Friday 8 October 2021

Quando la carne ritorna a fluire di vita

La mia migliore amica me l’ha sempre detto: “Così sei brutta”.

E che cazzo vuoi che me ne freghi a me di essere brutta, pensavo. Qui ho da portare avanti una missione minuziosa e autodistruttiva livello 2000, e questa mi dice che sono brutta; non è minimamente nelle mie più lontane priorità. Eppure, non ne comprendevo il significato più profondo, ma semplicemente il lato ingannevole.


Scavare, respingere e assottigliare è la mia più grande maestria e senso di forza. Ingannevolmente, ancora una volta. Imperterrita penso di aver ripreso il timone in una direzione stupenda e piena di luce. Invece a volte, quella è solo una dinamo, e tu stai facendo una sosta un pò troppo lunga. Quando il buio ti assale, tra l’altro, non te ne accorgi neanche subito. Hai un occhialone da sole che ti fa percepire le gradazioni cromatiche in maniera distorta.


Maddai. A proposito di distorsione. Perché l’amore passa tutto attraverso la bocca? 

Mangi, baci, succhi, soffi, urli, inspiri. Eppure, l’amore arriva anche fino alle caviglie e alle scapole. 


Il senso di disorientamento che si prova quando smetti di nutrirti nel modo giusto, è infinito. Come infinito l’amore e la felicità di cui ti stai privando. Sì, perché non ti stai privando solo di cibo, quella è un’illusoria ed inevitabile apparenza. Ciò che stai togliendo alla tua vita va aldilà del tangibile. Certo, l’assottigliamento della tua figura è uno spiraglio di spaventevole pericolo, ma anche la vita stessa e l’entusiasmo verso essa fluisce via.


Parlo di fluire, perché è il verbo più adeguato per parlare di questo mostro.


L’anoressia è un mostro che fluisce. Come in montagna l’acqua gelida fluisce tra le rocce. Come la linfa vitale scorre tra le vene dei rami e delle foglie, come le stagioni di anno in anno, come l’amore di una madre per un figlio, come le vacanze estive quando andavamo a scuola. 

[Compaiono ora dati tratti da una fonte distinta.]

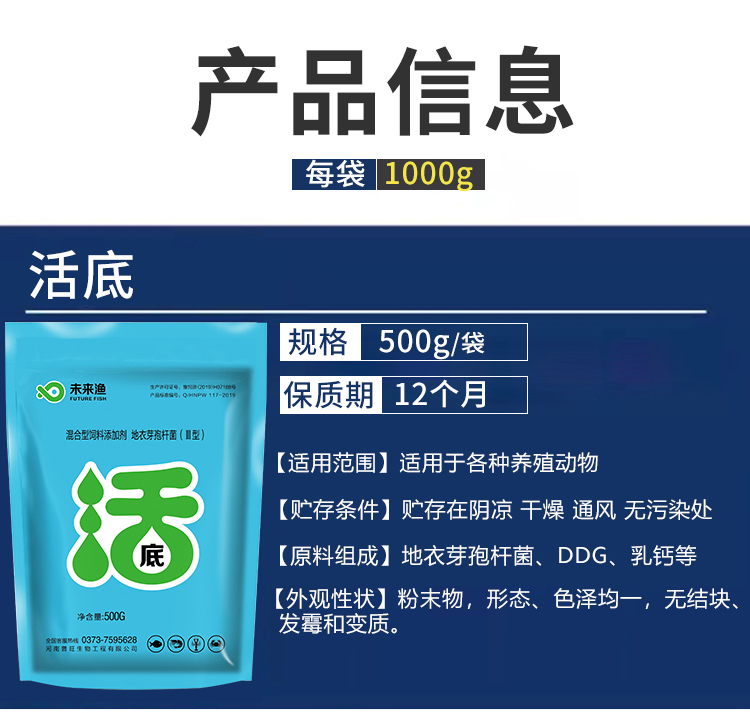 给水产动物一个健康舒适的家 活底 科学养殖 规格 500g/袋 保质期1个月 适用于各种水产养殖动物" />

Fluisce, perché per me questa malattia mi ha dimostrato che non sono fatta per cementificarmi nel dolore, ma per scorrere tra un binario incagliato e uno stabile. Questo demone non è nient’altro che una forma solubile delle mie ombre; si scioglie e defluisce.


Mia zia, sempre lei, dice: “Attraverso quegli spigoli che vedevo fuoriuscire, era proprio come se tu ti immolassi.” Mi sono innamorata degli spigoli perché per me rappresentavano le punte delle lance della mia guerra personalissima. Senza quelle ispidezze, pensavo di non sapere come difendermi altrimenti. E quindi, mi organizzavo ad avere le armi più appuntite, pronta per scendere in campo. Se non fosse per l’unico scompenso di avere perso completamente il senso di protezione e difesa di me stessa. In definitiva, immolarsi a se stessi.

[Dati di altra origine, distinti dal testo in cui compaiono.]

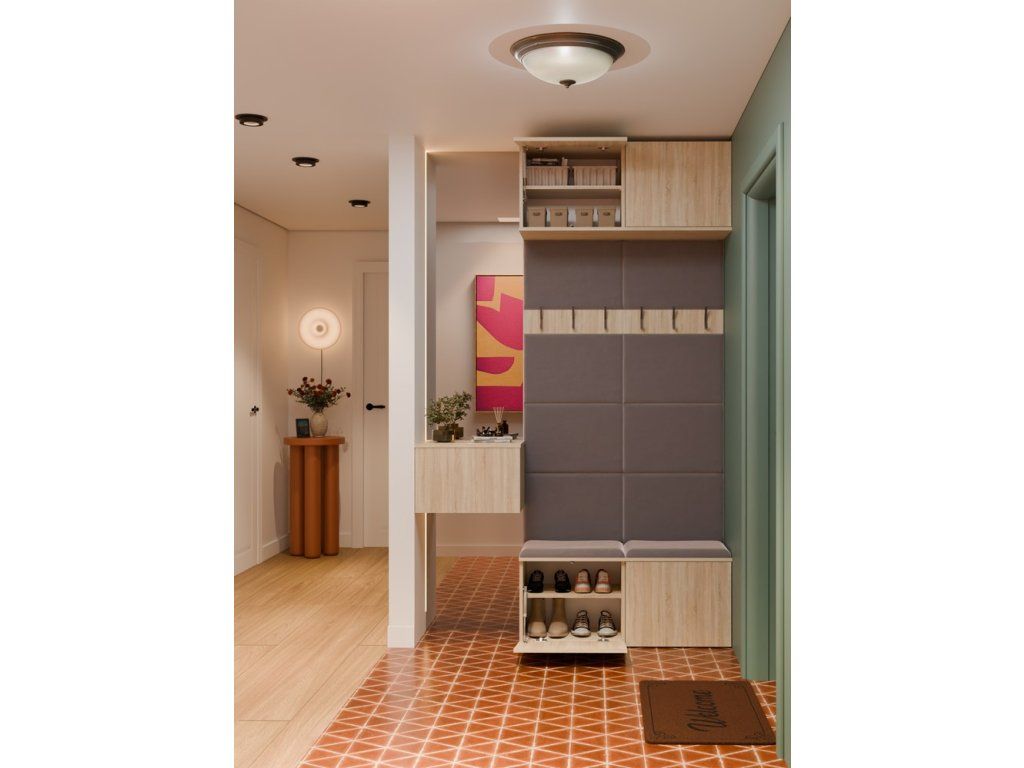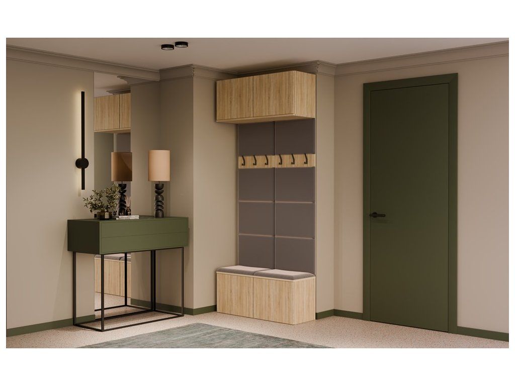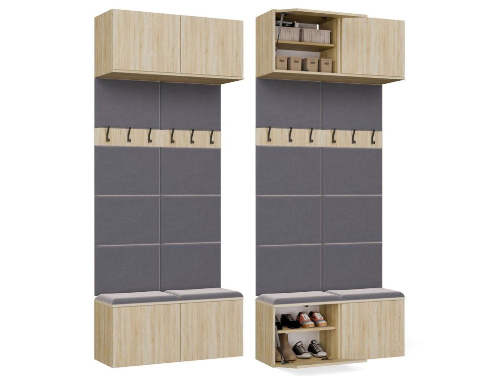 Sestava obsahuje dva věšákové panely s čalouněným opěradlem a sedákem, tři háčky a praktické skříňky v horní i spodní části. Díky tomu získáte kompaktní a dobře využitý prostor pro obuv, tašky i věci, které chcete mít po ruce hned po příchodu domů. Bezúchytové provedení s otevíráním TIP-ON navíc podtrhuje čistý a moderní vzhled. V dekoru dub sonoma působí sestava přirozeně, prosvětlí prostor a snadno se kombinuje s dalším nábytkem v předsíni.

La fatica che provo nello svegliarmi ogni mattina di fianco al mio mostro è abbastanza una delle cose più sotto pelle che io abbia mai provato. Ma non mi identifico in essa.

La fatica esiste e mi accompagna sempre, ma tra le varie lacrime, ricordo esattamente la persona che voglio essere. La persona che gode della vita e che riempie gli spazi con la curiosità di un mondo più interessante. E questo, anche se non sembra, è abbastanza.


Quindi, amica mia, avevi ragione tu. Non c’è niente di più bello, che ritornare ad essere belle. Ritornare ad avere una faccia che, una volta piena, grida: “Grazie di essere ritornata a casa”.

Perché io voglio sentirmi a casa: tra le mie ossa, le mie sacre cosce, le mie forti braccia, i miei occhi pronti, i miei fianchi ovali. Questa è casa mia, è bellissima, e non la metto più in affitto.